_Data excerpt_
"""

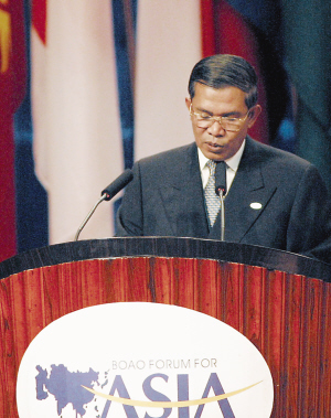 柬埔寨首相 在区域经济一体化的过程中,每一个国家都需要真诚的伙伴关系;要以一种分享利益和相互信任的精神一起前进,这是东亚和东南亚共赢战略的原则。
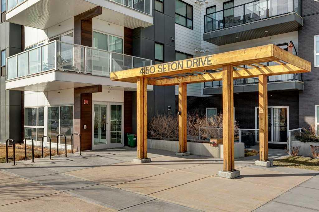 This fantastic condo is located in the vibrant south east community of SETON. The light pours through the large windows in this spacious unit with nine-foot ceilings, builder measurement of over 900 sq feet, overlooking a large park with views of the library and YMCA, and a glimpse of the mountains. This bright unit has two bedroom and two full bathrooms. This property is in close proximity to the YMCA, South Health Campus, and many shops in Seton. The gorgeous white kitchen is complete with breakfast bar, stone counters, upgraded stainless steel appliances, the fridge has an ice maker, the convection stove includes an airfry feature, microwave hood fan and dishwasher complete the efficient lay out of the kitchen. The large breakfast bar has room for 3 large bar stools. The dining area with patio doors opens to the 121 sq foot L-shaped balcony with glass railing to enhance the outdoor feeling. The primary bedroom comes with a walk-through closet and three piece ensuite. The second bedroom is located on the opposite side of the unit allowing for privacy and next to the four-piece main bathroom. Keep cool on warm days with the single zone mini-split air conditioning unit. The colours in this unit are neutral and calming. The luxury vinyl plank floors flow through the major space of the unit with soft carpets in the bedrooms. The two titled parking stalls are a huge bonus with this home along with the assigned storage locker and bike storage. Don’t miss out on this amazing home!
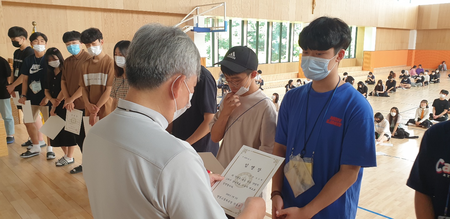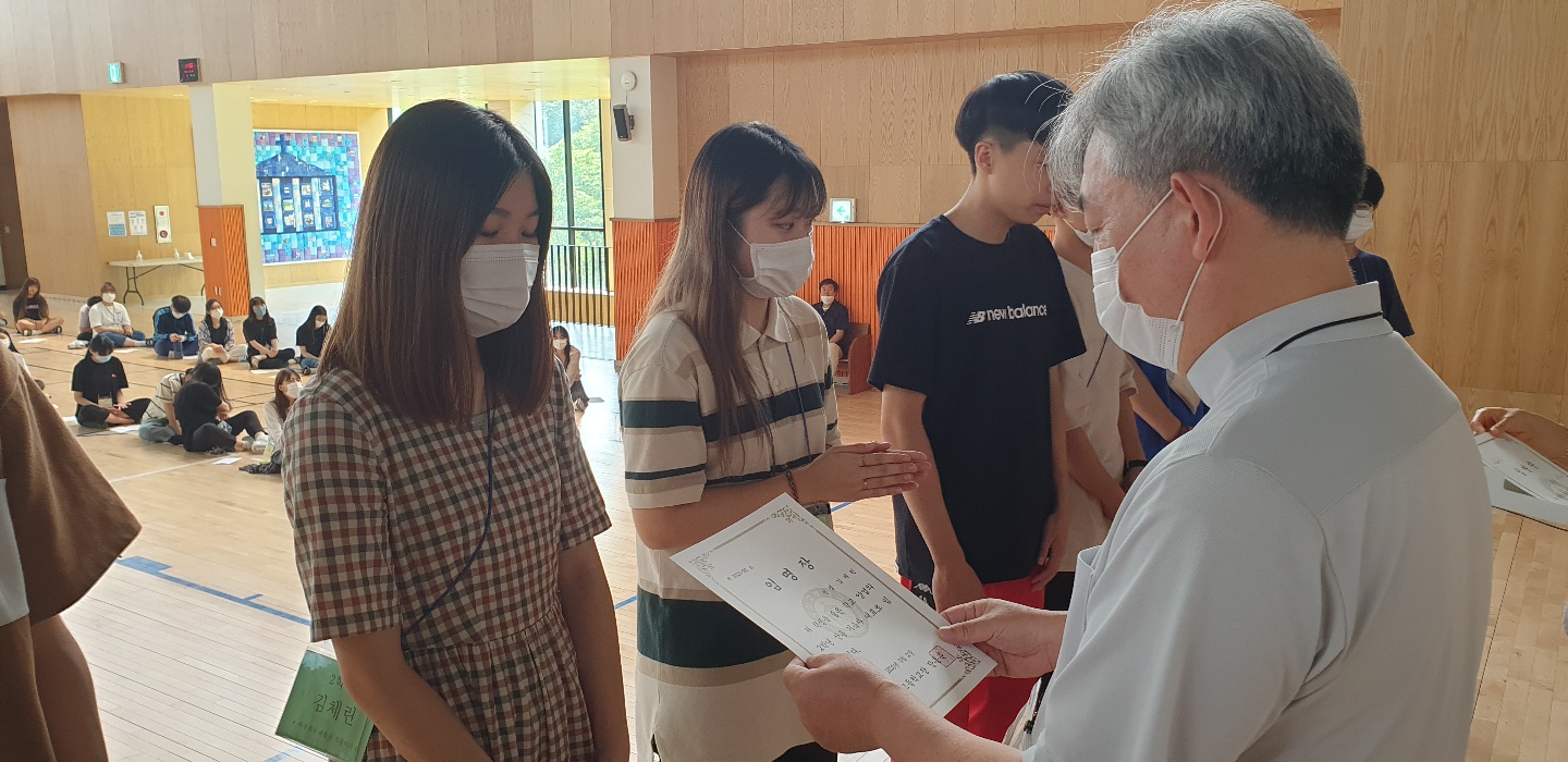 코로나19 로 인해 수여식이 다소 늦어졌지만, 새로 선출된 각반 학급반장과 기숙사 홈장 친구들이

"""

_What this task involves_
Would it be possible to reproduce the material word for word, images omitted?

_Result of this exercise_
 柬埔寨首相 在区域经济一体化的过程中,每一个国家都需要真诚的伙伴关系;要以一种分享利益和相互信任的精神一起前进,这是东亚和东南亚共赢战略的原则。
 This fantastic condo is located in the vibrant south east community of SETON. The light pours through the large windows in this spacious unit with nine-foot ceilings, builder measurement of over 900 sq feet, overlooking a large park with views of the library and YMCA, and a glimpse of the mountains. This bright unit has two bedroom and two full bathrooms. This property is in close proximity to the YMCA, South Health Campus, and many shops in Seton. The gorgeous white kitchen is complete with breakfast bar, stone counters, upgraded stainless steel appliances, the fridge has an ice maker, the convection stove includes an airfry feature, microwave hood fan and dishwasher complete the efficient lay out of the kitchen. The large breakfast bar has room for 3 large bar stools. The dining area with patio doors opens to the 121 sq foot L-shaped balcony with glass railing to enhance the outdoor feeling. The primary bedroom comes with a walk-through closet and three piece ensuite. The second bedroom is located on the opposite side of the unit allowing for privacy and next to the four-piece main bathroom. Keep cool on warm days with the single zone mini-split air conditioning unit. The colours in this unit are neutral and calming. The luxury vinyl plank floors flow through the major space of the unit with soft carpets in the bedrooms. The two titled parking stalls are a huge bonus with this home along with the assigned storage locker and bike storage. Don’t miss out on this amazing home!
 코로나19 로 인해 수여식이 다소 늦어졌지만, 새로 선출된 각반 학급반장과 기숙사 홈장 친구들이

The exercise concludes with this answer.